I love the tradition of college football. The fact that as an Ohio State grad, I sing the same songs and do the same cheers that my parents did when they were in school and that current OSU students are still doing is incredibly special. The literal century-plus history of regional rivals and how that animosity is passed down from one generation of player and fan to the next is what makes this game the most fun and passionate sport on the planet.
So I certainly don’t want to lose the things that make college football unique, but as my good, personal friend Bob always says, “Times, they are a-changin'.” Will there be tradeoffs in this new paradigm that some people will be uncomfortable with, certainly, but in the end, I do think that the still ongoing conference realignment that swept the nation last week will eventually be positive and fruitful for the teams involved, the Big Ten, Ohio State, and the sport as a whole.
“It’s All About the Benjamins”
College football — like most things in this world — has always been ruled by money. In the past, it was the boosters and the bowls and the bag men and the state houses and while it still is run by many of those groups to certain extents today, the people holding the real purse strings are the TV networks and streaming services. In my day job, I am the news editor for an outlet that covers the television and streaming business, and one truism that continually factors into nearly every story, in one way or another, is that traditional, linear TV is dying and that live sports — especially football — are the only things keeping it from complete extinction.
Therefore, these billion-dollar media conglomerates are willing to throw around obscene amounts of money in order to secure broadcast rights for any sport that people will willingly pay to watch. Because universities and athletic departments need money to operate, and since the state legislatures that oversee public universities — which make up the vast majority of Power 5 (or is it Power 4 now?) football conferences — have been gutting academic budgets for decades, they have no choice but to chase the money wherever they can get it.
So, with networks ready to spend, it is up to schools and conferences to ensure their existence by grabbing the bag while they can. Someone is going to cash in, so it might as well be you, because if you dawdle, that money might disappear, and with it your ability to keep your organization afloat.
The utterly embarrassing implosion of the Pac-12 happened because former conference commissioner Larry Scott couldn’t see how easy this whole thing was. Instead of taking the money from a media company that wanted to partner with the conference on the Pac-12 Network, he decided to go it alone and ended up starting the chain reaction that led to the destruction of his league.

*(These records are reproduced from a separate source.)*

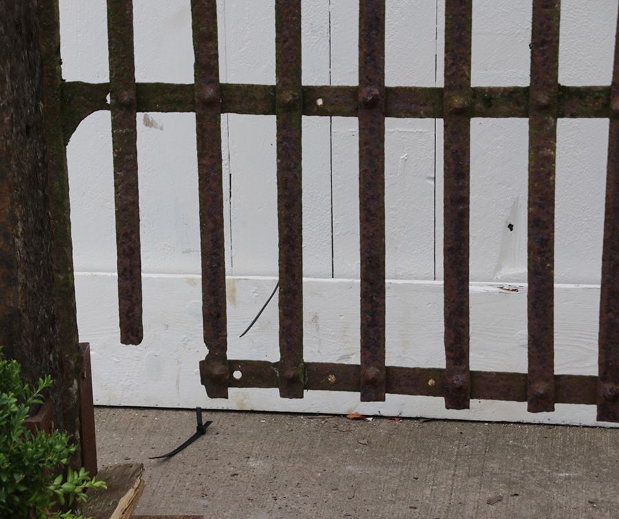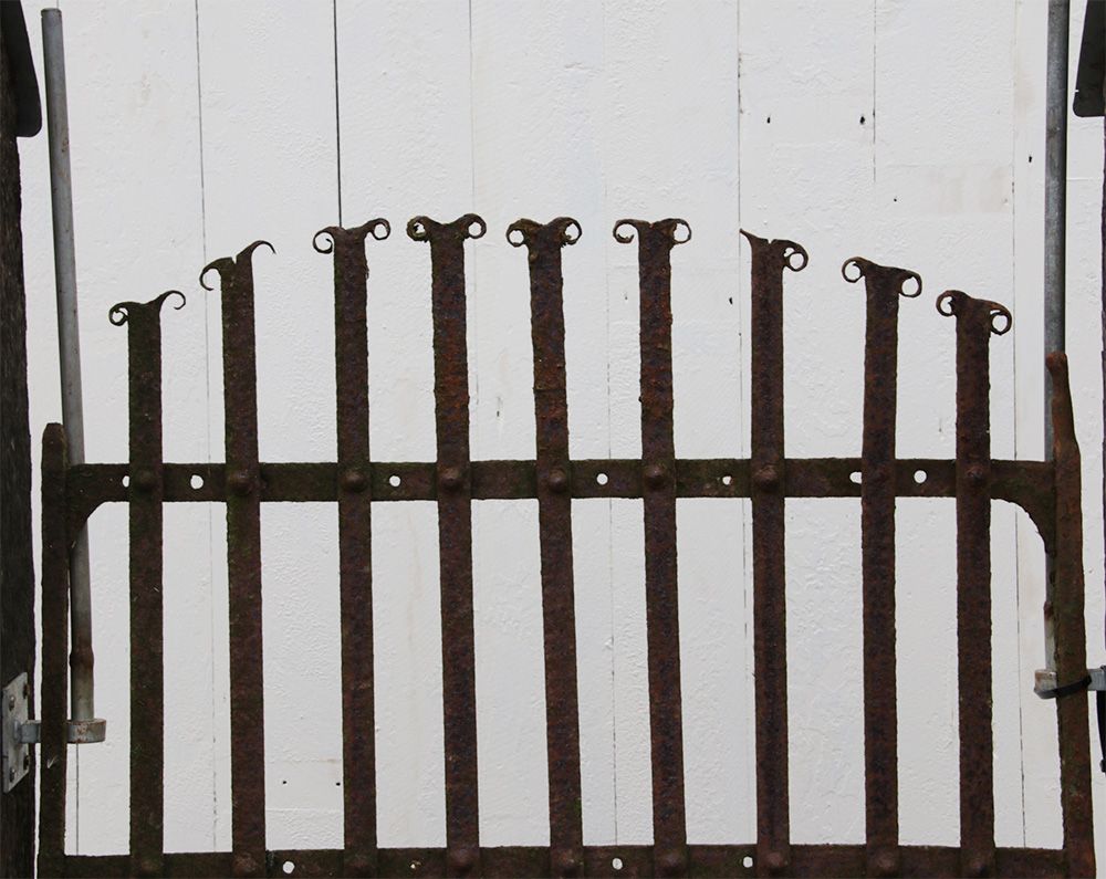 This gate is being sold as seen and will require some restoration work  to make usable again. Please study images for reference or visit our store to view gate.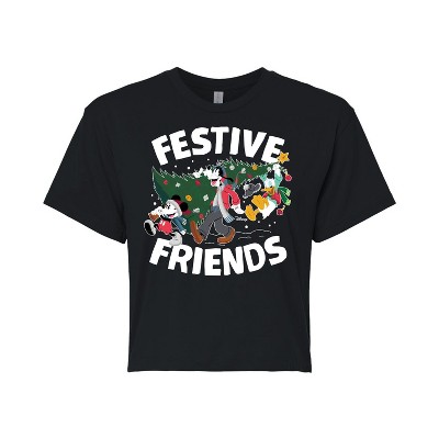 Women's - Disney - Festive Friends Cropped Graphic T-Shirt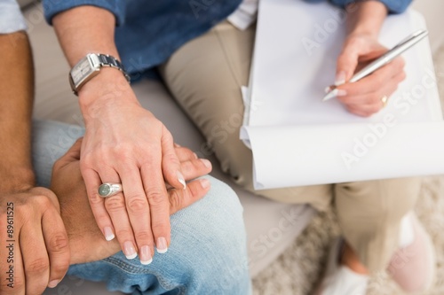 © WavebreakmediaMicro, Fototapeta premium Bliska widok terapeuty pocieszające pacjenta płci męskiej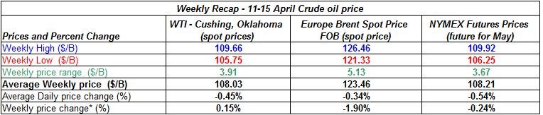 Here is a recap for the week ending on April 15th on crude oil prices (Brent oil and WTI), and a summary of the recent EIA petroleum report: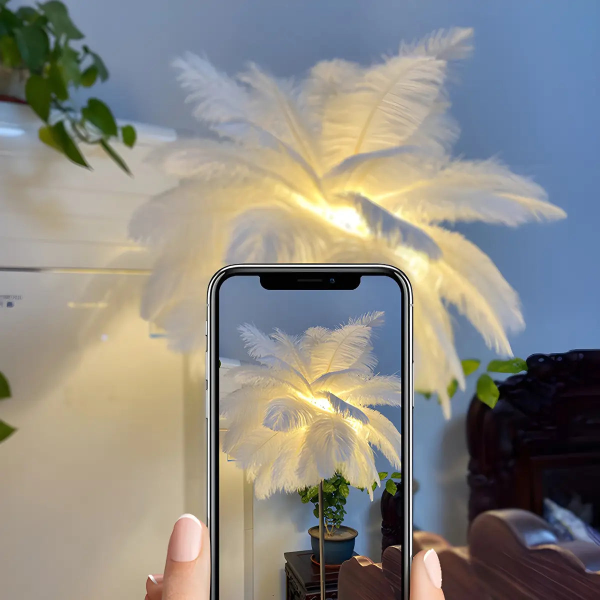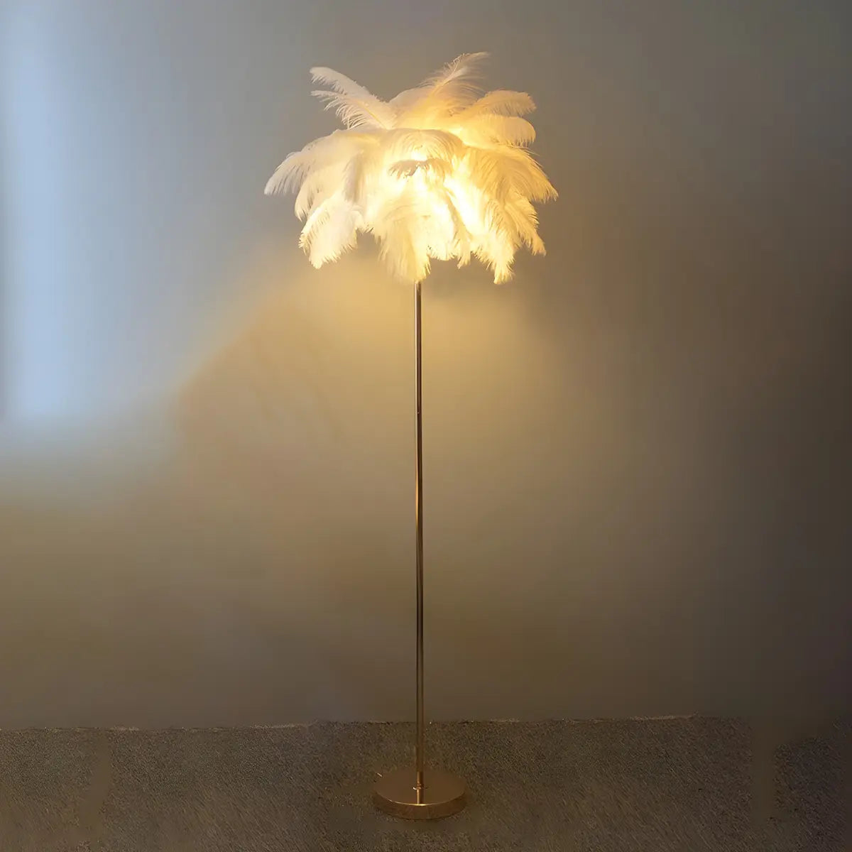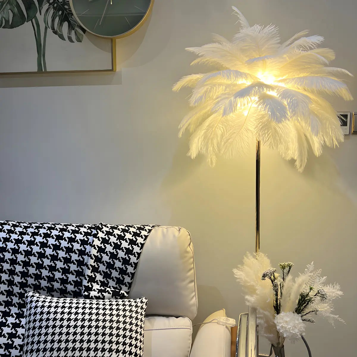 This modern feather floor lamp becomes the highlight of the interior space with its unique decorative design, creating a warm and elegant atmosphere.

There is money to be had, so go get it before someone else does.
Are these brazen money grabs becoming? Nope. In a sport like college football — and more importantly from a conference like the Big Ten — there has always been an effort to maintain a pretense of being above the most craven aspects of operating multi-billion dollar sports leagues. However, there is no longer any way to deny that adding Rutgers and Maryland was about money; adding USC and UCLA was about money; adding Oregon and Washington was about money (I honestly don’t know what the hell adding Nebraska was for), but also about the Pac-12 collapsing in on itself, so you could get the teams at a discount.
So, will adding four schools from the west coast offend the priggish sensibilities of some of the most stalwart traditionalists in and around college football? Of course, it already has. But these moves will ultimately be good for Ohio State and the Big Ten because they will allow them to extract more money from their media partners.

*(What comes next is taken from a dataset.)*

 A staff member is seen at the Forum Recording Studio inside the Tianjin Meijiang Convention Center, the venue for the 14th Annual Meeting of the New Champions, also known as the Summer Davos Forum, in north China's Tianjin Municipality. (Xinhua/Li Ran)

As I said before, there will be concessions and there will be sacrifices. Attempting to navigate a cross-continental conference is going to be far harder on Olympic sports than it is on football and basketball, but with all of that extra money that the Big Ten is bringing in, I trust they can figure it out, and if not, it’s up to us to hold them accountable.
Both time and capitalism necessitate change; things that remain stagnant, die — be they bodies, businesses, or college conferences. Realignment is all about money, so it was inevitable that things would have to change, and the only thing that schools and leagues can do is navigate those inevitable changes as intelligently as they possibly can whether they have years to plan for them or they are just dropped in their laps.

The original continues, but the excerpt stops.